El superpoder de empezar joven (los números)

Supongamos un objetivo de $100,000 para complementar la pensión, con inversión que rinde 8% anual promedio:

Empiezas a los… Años hasta los 65 Aporte mensual necesario
25 40 ~$29
35 30 ~$67
45 20 ~$170
55 10 ~$547

La diferencia no es lineal, es brutal: el que empieza a los 25 paga 19 veces menos al mes que el que empieza a los 55, por el mismo resultado. No es magia, es interés compuesto — el tiempo hace la mayor parte del trabajo si se lo permites.

¿Cuánto necesitas? El cálculo de servilleta

Una referencia clásica (la “regla del 4%”, con todos sus matices) sugiere que puedes retirar anualmente alrededor del 4% de tu patrimonio invertido sin agotarlo demasiado rápido. De ahí sale una fórmula rápida:

Capital necesario ≈ (gasto anual deseado − pensión anual esperada) × 25

Ejemplo: quieres vivir con $1,000/mes y esperas $600/mes de pensión. Te faltan $400/mes = $4,800/año. Capital necesario: $4,800 × 25 = $120,000. Grande, sí — pero mira la tabla de arriba: a los 25-35 años, es un aporte mensual del tamaño de una salida a cenar.

Cómo construir tu retiro complementario

1. Averigua tu situación en el sistema público. ¿Cuántos años de aportes llevas? ¿Qué pensión estimada te corresponde? Casi todos los sistemas tienen consulta online. No puedes planear el complemento sin conocer la base.

2. Aprovecha lo que tenga ventajas fiscales en tu país. Muchos países ofrecen planes voluntarios de pensión con beneficios de impuestos (aportes deducibles o retiros exentos).

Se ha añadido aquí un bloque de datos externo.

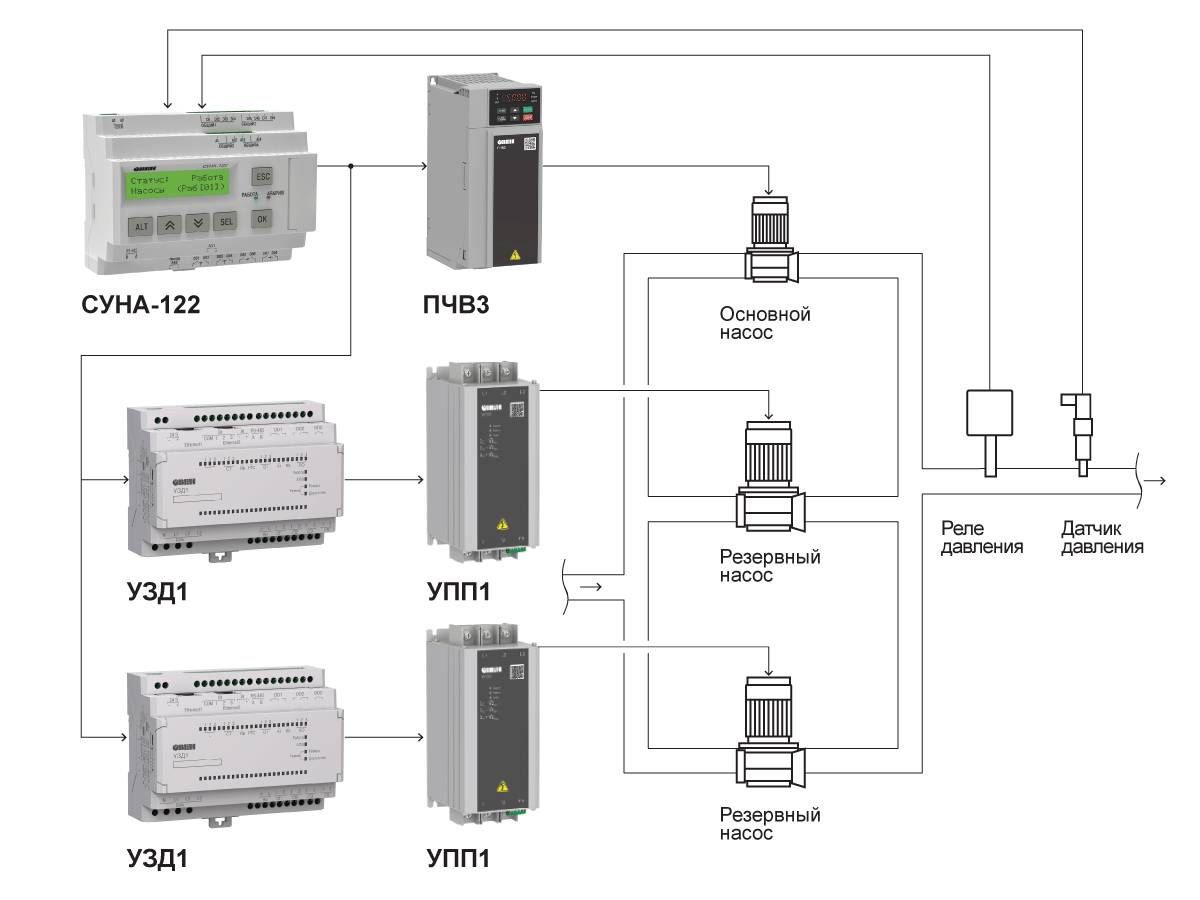 Каскадное управление насосом совместно с СУНА-122, ПЧВ3 и УПП1

Es dinero gratis del fisco: infórmate antes de invertir por fuera.

3. Invierte a largo plazo, no ahorres a largo plazo. Para horizontes de 20-40 años, el dinero en cuentas de ahorro pierde contra la inflación. Los fondos indexados de bajo costo son el vehículo estándar recomendado para este propósito: diversificados, baratos y con el mejor historial de largo plazo.

4. Automatiza y sube el aporte con cada aumento. Empieza con lo que puedas ($25, $50) el mismo día de pago. Cada vez que tu ingreso suba, sube el aporte antes de acostumbrarte al dinero extra.

5. No lo toques. Jamás. Este dinero no es “ahorro para emergencias grandes”. Para eso está el fondo de emergencia, precisamente para proteger tus inversiones de largo plazo de los apuros del presente.

Los errores que arruinan retiros

  • “Ya empezaré cuando gane más” — la tabla de arriba muestra el precio de cada década de espera.
  • Confiar el 100% al sistema público — esperanza no es estrategia.
  • Retirar los fondos al cambiar de trabajo (donde es posible): cobrar hoy tu fondo de pensión es robarle a tu yo de 70 años.
  • Inversiones “seguras” toda la vida: a 30 años del retiro, el riesgo real no es la volatilidad de la bolsa, es la inflación comiéndose un ahorro que no crece.
  • Depender de que “los hijos me mantendrán” — injusto para ellos e incierto para ti.

Lo esencial

El retiro no se resuelve a los 60; se resuelve con un débito automático que configuras esta semana y no tocas en décadas. Calcula tu número con la fórmula del ×25, averigua tu pensión estimada, y pon a trabajar la diferencia. Tu yo del futuro — ese que quiere tranquilidad y no depender de nadie — te está esperando en la fila del banco. No lo dejes plantado.